「大反論」に反論(じゃないけど)

2010-04-27 mardi

週刊ポストの中吊り広告を見て、びっくりした話は昨日ツイッターに書いた。
「上野千鶴子に内田樹が大反論!」というアオリの効いたタイトルがつけてあるけれども、もちろんこれはポスト編集部の客寄せ「羊頭狗肉」タイトルであって、中身は「大反論」などいうほど気合いの入っていない「いつもの話」である。
その中の上野「おひとりさま」論に直接言及した箇所は以下の通り。

 『おひとりさまの老後』には強い違和感を持ちました。あの本の核心は「家族が嫌い」ということをカミングアウトした部分でしょう。「家族に何の愛情も感じてないから、世話になる気もないし、世話をする気もない」と考えている人が現に大量に存在している。でも、その心情は抑圧されていた。上野さんがそれを代弁したことがひろく共感を呼んだのだと思います。でも、ぼくはそれは「それを言っちゃあ、おしまいだよ」という言葉だったと思います。
 「ひとりで生きる」ことが可能だというのは、それだけ社会が豊かで安全だということです。その前提条件が満たされた場合にのみ、「そういうこと」が言える。その前提が成立しないところでの「おひとりさま」はきわめてリスクの高い生き方だと思います(…)
フェミニズムはある条件内では整合的な社会理論ですけれど、経済の「右肩上がり」が前提になっている。「活発な消費活動を行えるだけの資力がある」ということが「おひとりさま」ライフの暗黙の前提です。
21世紀に入ってからは、「消費活動をどうやって活性化するか」だけを考えていればいいという状況ではなくなっています。
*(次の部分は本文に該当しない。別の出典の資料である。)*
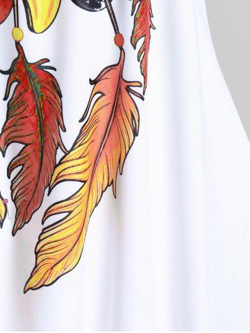 Plus Size Tankinis > Plus Size Feather Print Crisscross Strappy Back Rings Boyshorts Tankini Swimsuit
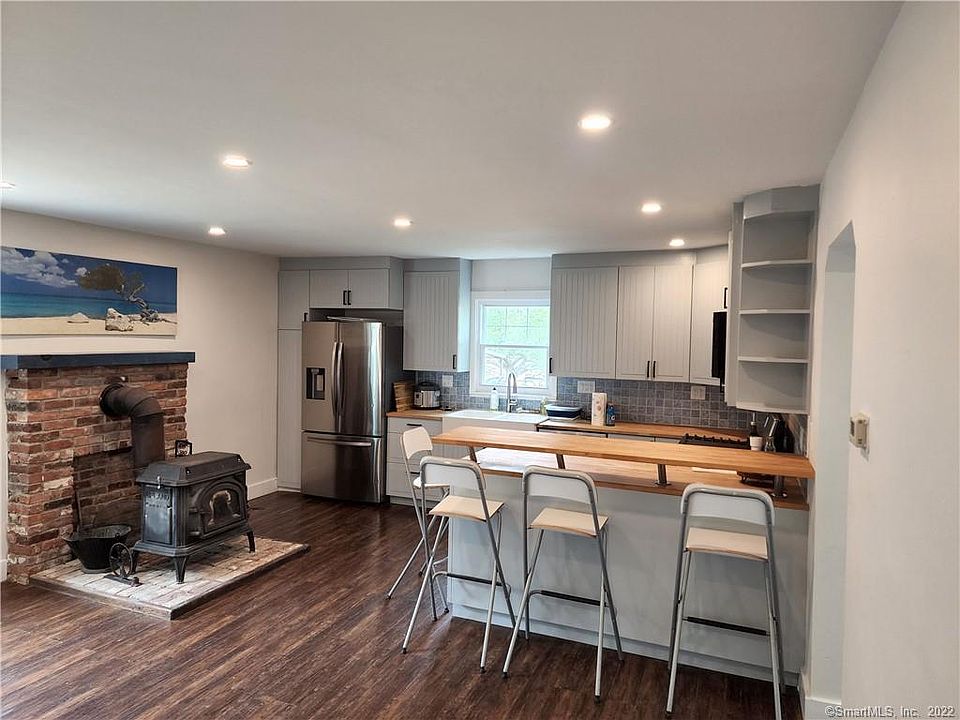 - Features: Bay/Bow Window, Breakfast Bar, Built-in Features, Dining Area, Double-Sink, Fireplace
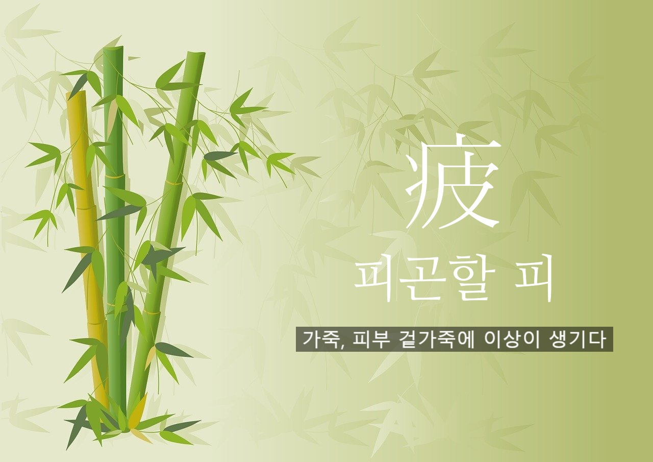 1. 의미 : 가죽에 병들다. 아프면 제일 먼저 표시가 나는 곳. 얼굴, 피부가죽에 이상이 생긴다는 뜻이다.
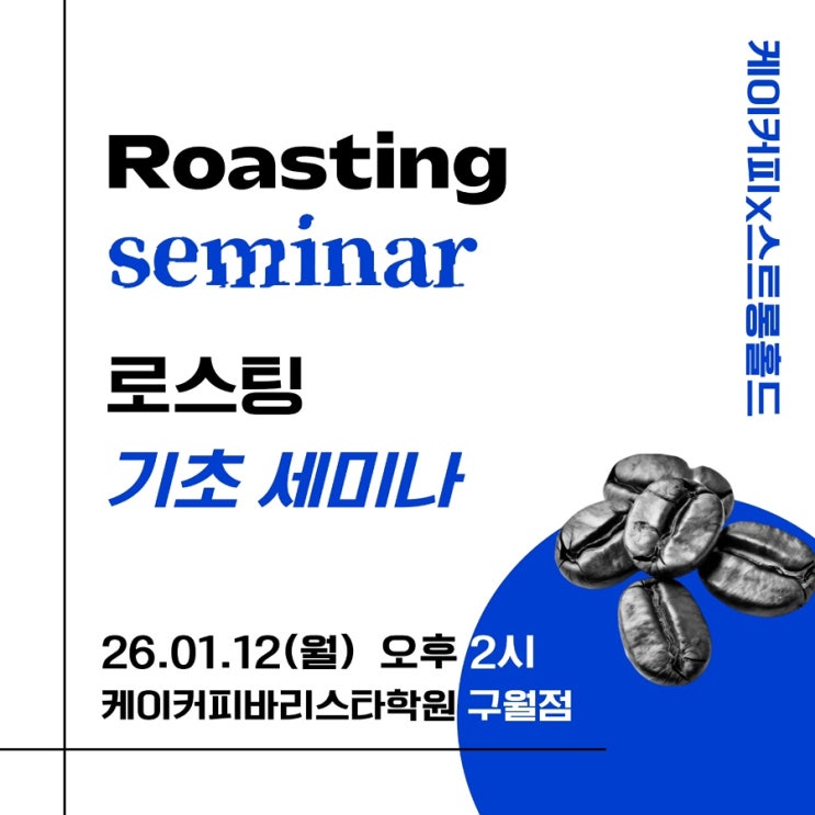 인천바리스타학원 인천카페창업 전문학원 케이커피바리스타학원 구월점에서 이번 세미나는 조금 특별한 세미나를 준비했습니다. 평소 로스팅에 관심은 있지만 막상 배우려고 하면 용어도 어렵고, 기계 설명부터 복잡하게 느껴져 시작을 망설이신 분들도 많으실 거예요. 이번 1월 12일, 스트롱홀드 한상우 과장님을 모시고 스트롱홀드를 활용한 로스팅 기초 세미나를 진행합니다. ⸻ 로스팅, 왜 이렇게 어렵게 느껴질까요? 많은 분들이 로스팅을 ‘기계를 다루는 기술’이라고 생각합니다. 하지만 실제로 로스팅에서 가장 중요한 건 기계보다 로스팅을 바라보는 기준과 흐름의 이해입니다. • 지금 이 단계에서 왜 온도가 중요한지 • 열이 원두에....... <img src="https://blogthumb.pstatic.net/MjAyNTEyMjZfMjI2/MDAxNzY2NzM2MDQzODkx.Z505lphmiVTYpWWfUbuqfCvpsXea0-Iqz4hDwUwR33wg.lvET6XgGscpok0-AfXR0oHD1PLY5PS7XoZywbz_wpkEg.JPEG/IMG%A3%DF3115.JPG?type=s3" />

ぼくたちは「貧しい資源をやりくりする」状況に適応しなければならない。
上野さんの「おひとりさま」コミュニティーはあくまで「強者連合」でしょう。お金があり、社会的地位があり、潤沢な文化資本のある人はそこに参加できて、快適に暮らせるでしょうけれど、その条件を満たす人は今はもうごく少数しかいない。その人たちにしてもお金がなくなったり、失職したり、病気になって自立能力を失ったら、快適な「おひとりさま共同体」からは出て行かなければならない。貧しいとき、病めるときにはその支援をあてにできない共同体にはあまり意味がないとぼくは思います。それより、緊急の問題は大多数の「ひとりでは暮らせない」人たちがどうやって他者と共生するスキルを開発することでしょう。

別に「大反論」などというものではない。
ある種の社会理論はそれが適合する歴史的条件のときがあり、適合しないときもある。
フェミニズムは「豊かな時代」の社会理論である。
社会が豊かで安全であるときは妥当するカバリッジが広く、社会が貧しく危険なものになればカバリッジが狭くなる。
それだけの話である。
別にフェミニズムには原理に致命的な瑕疵があるとか、その歴史的使命を終えたとかいうことを申し上げているのではない。
それを信奉することによって「生きやすくなる人」と「生きにくくなる人」の比率を私は問題にしているのである。
若く、貧しく、社会的リソースへのアクセスが限られている人たちには、「ひとりで生きるため」に努力するよりも、「共生のためのスキルを高めるため」に努力する方が生き延びるチャンスが高いということをアナウンスしているだけである。
長く苦しい努力の末に、豊かな社会的資源をひとりで享受できる立場になれた人は、好きでもない他人と共生する能力など必要などないのだから、そういう人たちが「そんなものは要らない」と言うのは正しい。
でも、そのようなことが言える人を標準にした社会理論の適用範囲はすでにそれほど広くはないし、これからはさらに広くなくなるだろう。